NATO’yu güçlendirecek bir yanı yok
Çelik, İsveç ve Finlandiya’nın NATO müracaatına ait ise, “Bizim savaştığımız terör örgütlerine para ve silah yardımı yapan ülkeler NATO’ya başvuruyor. Onların bu haliyle NATO’yu güçlendirecek bir yanı yok” değerlendirmesinde bulundu. Çelik, “Tabi ki NATO’nun açık kapı siyasetini destekliyoruz. Tıpkı formda Rusya’nın Ukrayna’yı işgali sonrasında ittifakın kıymeti görülmüştür. Fakat, bir yeni konsept ortaya konacaksa bunun prensipli olması lazım. İttifakın, terör, ikili bağlar ve güvenlik unsurları çerçevesinde güçlenmesi gerekiyor. İttifakta terörle uğraş konusunda dayanışma olmalı. Hakikaten Madrid’de bu yeni konsept ele alınacak.
Bizim artık tıpkı ıstırapları çekmememiz lazım. Bizim savaştığımız terör örgütlerine para ve silah yardımı yapan ülkeler NATO’ya başvuruyor. Onların bu haliyle NATO’yu güçlendirecek bir yanı yok. Tüm ülkelerin güvenliği temel alınmalıdır.
Türkiye, NATO’nun kuruluş bedellerine sahip çıkıyor. Bu tutumumuza muhalefetten güçlü bir dayanak göremedik.
Teröre karşı durmak bizim en yasal hakkımız. NATO Genel Sekreteri Jens Stoltenberg, ‘Türkiye’nin dertlerini anlıyoruz, bunu çözeceğiz” diyor. Lakin CHP’liler NATO Genel Sekreteri’nin hassasiyetini göstermiyor.
Cumhurbaşkanımız açıkladı. İki ülke ile de süreci müzakere edeceğiz. Fakat şu ana kadar olumlu bir sonuç alınmadı” dedi.
SADAT açıklaması: Sandığın dışındaki her iradeyi reddeiyoruz
Ömer Çelik, konuşmasına şöyle devam etti: Rastgele bir kurum, rastgele bir dernek, ‘Biz sandığa bunlara teslim edemeyiz’ demiş. Bundan bize ne? Biz demokrasiye inanırız. Türkiye’nin büyük bir seçim güvenliği kapasitesi var. Hangi partiden olursa olsun sandığın başında bekleyen gönüllüler var. Biz onların hepsini saygıdeğer buluyoruz.

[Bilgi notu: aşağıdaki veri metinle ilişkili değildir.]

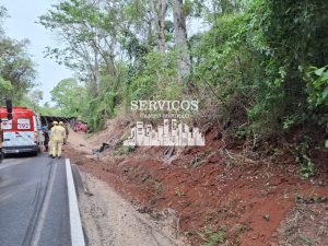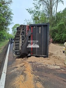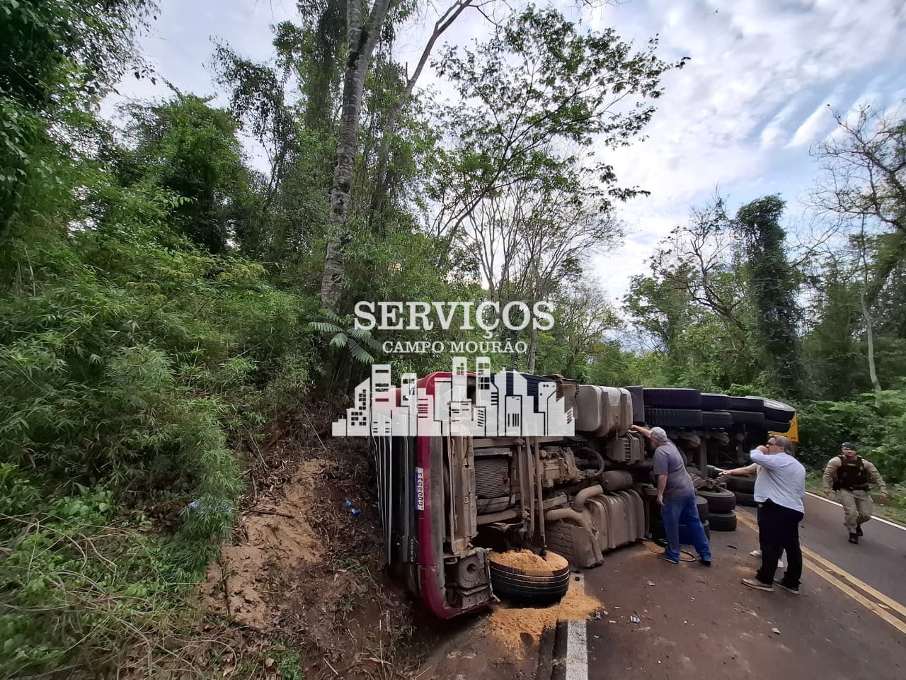 Segundo informações, o veículo, carregado com areia, seguia sentido Terra Boa quando o condutor perdeu o controle da direção, colidiu contra um barranco e, em seguida, tombou sobre a pista.

Seçimlerin yenilenmesi ve itirazlara ait mevzular daima gündeme geliyor. Lakin, tüm bunlara ait düzenlemeler YSK’nın muhafazası altında.
Sandığın dışında kim bir arayışa giriyorsa reddediyoruz. Türkiye’nin güçlü bir seçim geleneği var. Sandığı lekelemeye dönük hangi yaklaşım varsa onu ayağımızın altıyla iteriz. Sandığın dışındaki her iradeyi reddediyoruz.
Milletimizin en büyük kazanımı olan sandığı koruyacağız. Kim sandığa hakaret ediyorsa bizden değildir.
Toplumsal medya düzenlemesi
Arkadaşlarımız bu yasa teklifiyle ilgli uzun bir müddet çalıştı. Hazırlanırken farklı ülkelerdeki örnekler de incelendi. Bu yasa teklifi bireylerin hak ve hürrriyetlerinin korunması için oluşturuldu. Ulu Meclis, bu maddeyi tarışacak ve tekliflere açığız.Ama bu yasakçı bir düzenleme değil. Karşı çıkanlar karşı argüman da üretmiyor direk kestirip atıyor. Makul bir biçimde, uygarca konuşalım.